> [Activity]: Can you transcribe the data exactly? Leave the pictures out.

> [Data shown]:
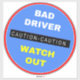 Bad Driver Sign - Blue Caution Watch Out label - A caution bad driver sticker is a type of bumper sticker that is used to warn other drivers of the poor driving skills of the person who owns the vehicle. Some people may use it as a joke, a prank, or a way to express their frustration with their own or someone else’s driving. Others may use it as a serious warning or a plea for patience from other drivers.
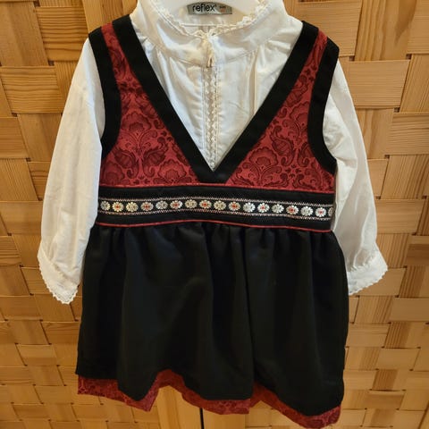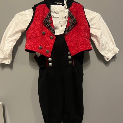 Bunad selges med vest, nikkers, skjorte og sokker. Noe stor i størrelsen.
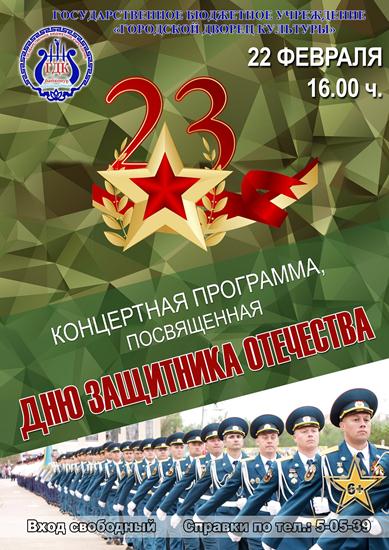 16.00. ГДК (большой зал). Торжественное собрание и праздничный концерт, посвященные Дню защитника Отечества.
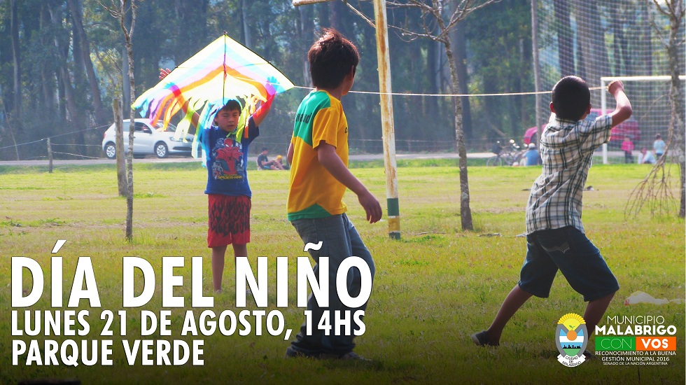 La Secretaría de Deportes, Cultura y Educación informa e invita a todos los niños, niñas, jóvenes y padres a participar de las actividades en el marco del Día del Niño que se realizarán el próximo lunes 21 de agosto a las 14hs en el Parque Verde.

> [Written reply]:
 Bad Driver Sign - Blue Caution Watch Out label - A caution bad driver sticker is a type of bumper sticker that is used to warn other drivers of the poor driving skills of the person who owns the vehicle. Some people may use it as a joke, a prank, or a way to express their frustration with their own or someone else’s driving. Others may use it as a serious warning or a plea for patience from other drivers.
 Bunad selges med vest, nikkers, skjorte og sokker. Noe stor i størrelsen.
 16.00. ГДК (большой зал). Торжественное собрание и праздничный концерт, посвященные Дню защитника Отечества.
 La Secretaría de Deportes, Cultura y Educación informa e invita a todos los niños, niñas, jóvenes y padres a participar de las actividades en el marco del Día del Niño que se realizarán el próximo lunes 21 de agosto a las 14hs en el Parque Verde.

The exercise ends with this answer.